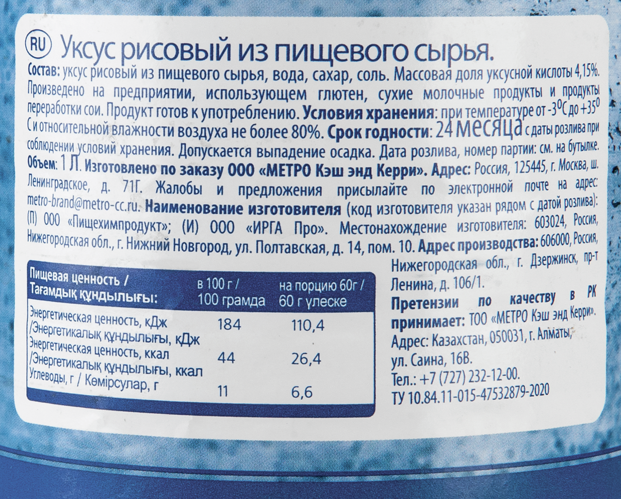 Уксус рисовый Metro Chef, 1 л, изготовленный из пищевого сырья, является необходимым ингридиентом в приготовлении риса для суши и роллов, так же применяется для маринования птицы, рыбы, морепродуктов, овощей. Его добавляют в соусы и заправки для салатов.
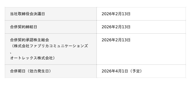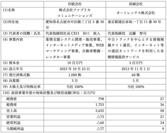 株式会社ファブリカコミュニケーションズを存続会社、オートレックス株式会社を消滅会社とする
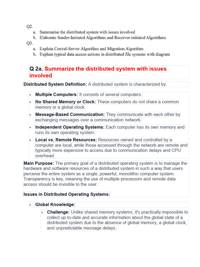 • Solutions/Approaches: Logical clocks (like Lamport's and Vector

● PROBLEM STATEMENT: A verbatim copy of the listing, with all pictures removed, is required.

● YOUR SOLUTION:
 Уксус рисовый Metro Chef, 1 л, изготовленный из пищевого сырья, является необходимым ингридиентом в приготовлении риса для суши и роллов, так же применяется для маринования птицы, рыбы, морепродуктов, овощей. Его добавляют в соусы и заправки для салатов.
 株式会社ファブリカコミュニケーションズを存続会社、オートレックス株式会社を消滅会社とする
 • Solutions/Approaches: Logical clocks (like Lamport's and Vector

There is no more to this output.